Connect to Dataproc cluster
Figure 14 shows how to establish a connection to a running Dataproc cluster via KNIME Analytics Platform. The Google Authenticator node and Google Cloud Storage Connector node are used to create a connection to google APIs and to Google Cloud Storage respectively. For more information on both nodes, please check out the Google Cloud Storage section of this guide.
The Create Spark Context (Livy) node creates a Spark context via Apache Livy. Inside the node configuration dialog, the most important settings are:
-
The Livy URL. It has the format
http://<IP-ADDRESS>:8998
where<IP-ADDRESS>
is the external IP address of the master node of the Dataproc cluster. To find the external IP address of your Dataproc cluster, check out the Access to Livy section. -
Under Advanced tab, it is mandatory to set the staging area for Spark jobs. The staging area, which is located in the connected Google Cloud Storage system, will be used to exchange temporary files between KNIME and the Spark context.
The rest of settings can be configured according to your needs. For more information on the Create Spark Context (Livy) node, please check out our Amazon Web Services documentation.
Once the Spark context is created, you can use any number of the KNIME Spark nodes from the KNIME Extension for Apache Spark to visually assemble your Spark analysis flow to be executed on the cluster.
Apache Hive in Google Dataproc
This section describes how to establish a connection to Apache Hive™ on Dataproc in KNIME Analytics Platform.
Figure 15 shows how to connect to Hive running on a Dataproc cluster and how to create a Hive table.
The Hive Connector node is bundled by default with the open-source Apache Hive JDBC driver. Proprietary drivers are also supported, but need to be registered first. Follow the guide on how to register a Hive JDBC driver in KNIME documentation.

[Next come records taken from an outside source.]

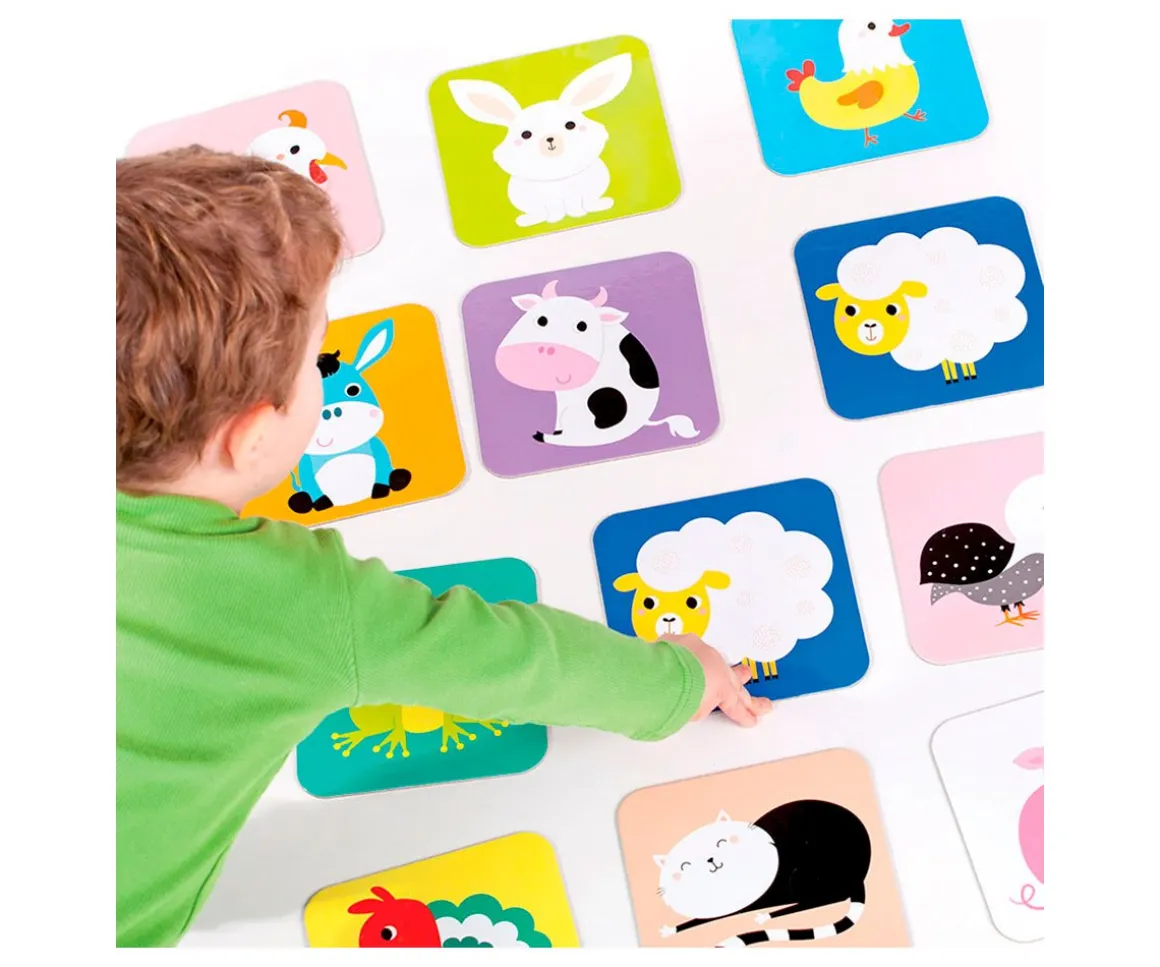 Además del juego de memoria, los peques pueden jugar a reconocer los nombres de los animalitos, sus sonidos y otras características de los animales.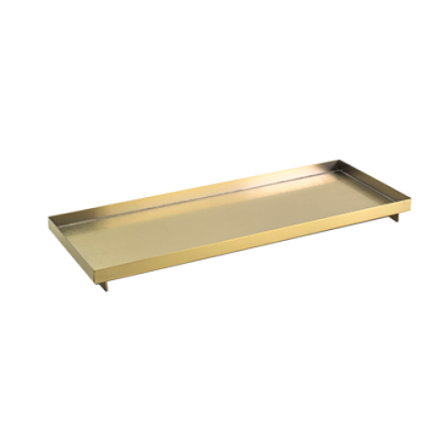 Tray, 12-1/4" x 4-3/4" x 1", rectangle, footed, stainless steel, matte brass finish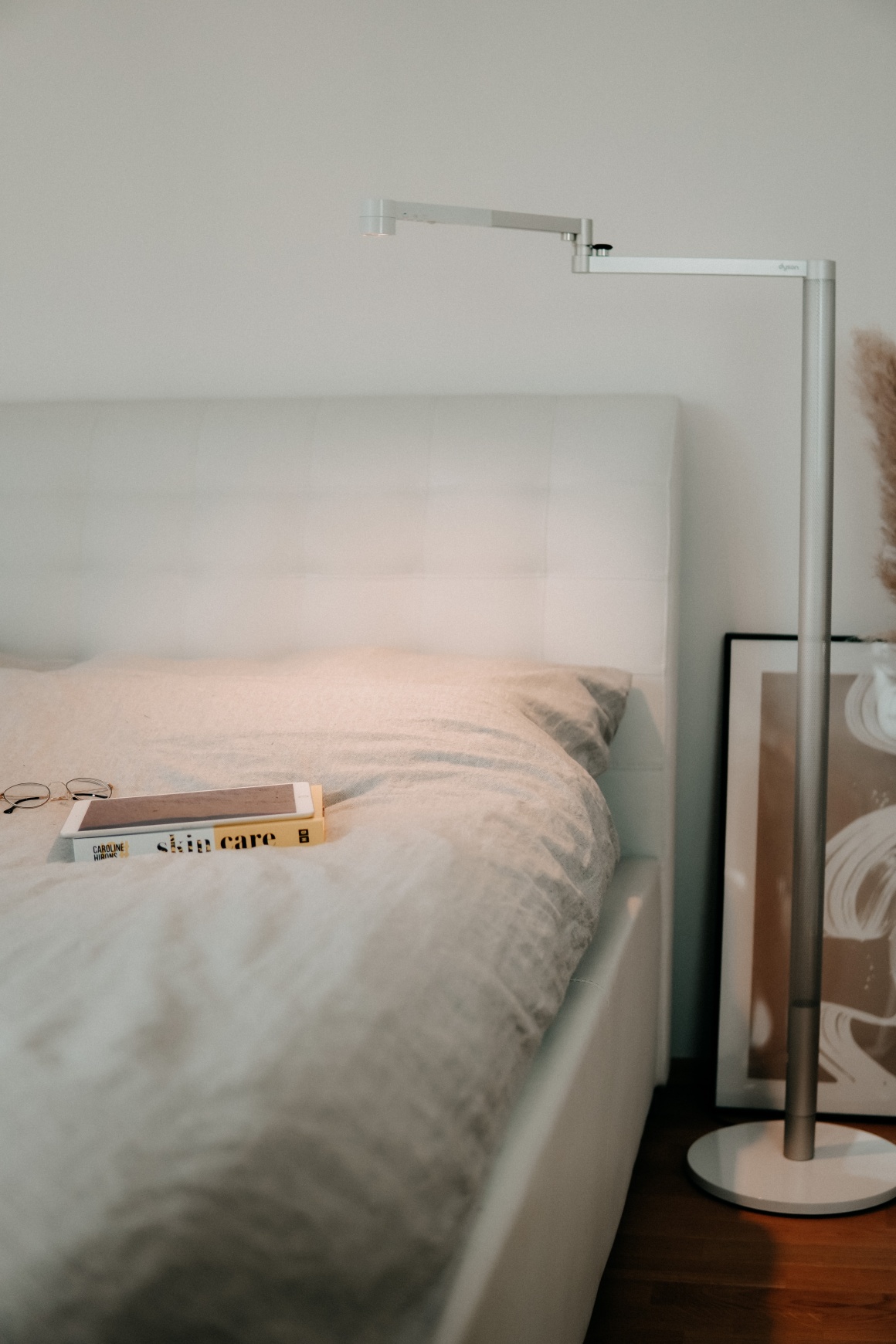 Jeder kennt es: Man arbeitet konzentriert oder liest, es wird später und später und plötzlich sitzt man quasi im Dunklen – zum ersten Mal meldet sich die Müdigkeit, man wird unkonzentrierter. Da hilft mir ein wirklich bewusstes Achtgeben auf die Beleuchtung, auf die richtige Lichtquelle. Die Dyson Lightcycle Morph ist ein intelligentes Beleuchtungssystem für Innenräume, das sich an das Licht der Umgebung anpasst. Man steuert über eine App, welche Aktivität man gerade ausführt – die Lampe weiß dank Standortbestimmung alle Parameter zum lokalen Tageslicht und adaptiert die Lichtintensität und -temperatur, um die Augen optimal zu entlasten. Gerade im Winter, wo es sowieso an natürlichem Tageslicht mangelt, ist sie bei mir stark im Einsatz. Als flexible Standleuchte nehme ich sie mir in der Wohnung dorthin mit, wo ich sie gerade brauche, beim Lesen im Bett oder zum Schreibtisch. Besonders gemütlich wird es übrigens abends, die integrierte Lichtsäule schafft eine angenehme, entspannte Atmosphäre. Falls euch das innovative Lichtsystem interessiert, ich habe es in einem Blogpost für euch genau unter die Lupe genommen.

Once the Hive JDBC driver is registered, you can configure the Hive Connector node. For more information on how to configure the settings in the node configuration dialog, please refer to the KNIME documentation. Executing the node will create a connection to Apache Hive and you can use any KNIME database nodes to visually assemble your SQL statements.
To enable access to Hive from KNIME Analytics Platform, make sure that the Hive port (10000 by default) is opened in the firewall rules. To configure this, check out the Livy Firewall Setup section and change the firewall rule accordingly. |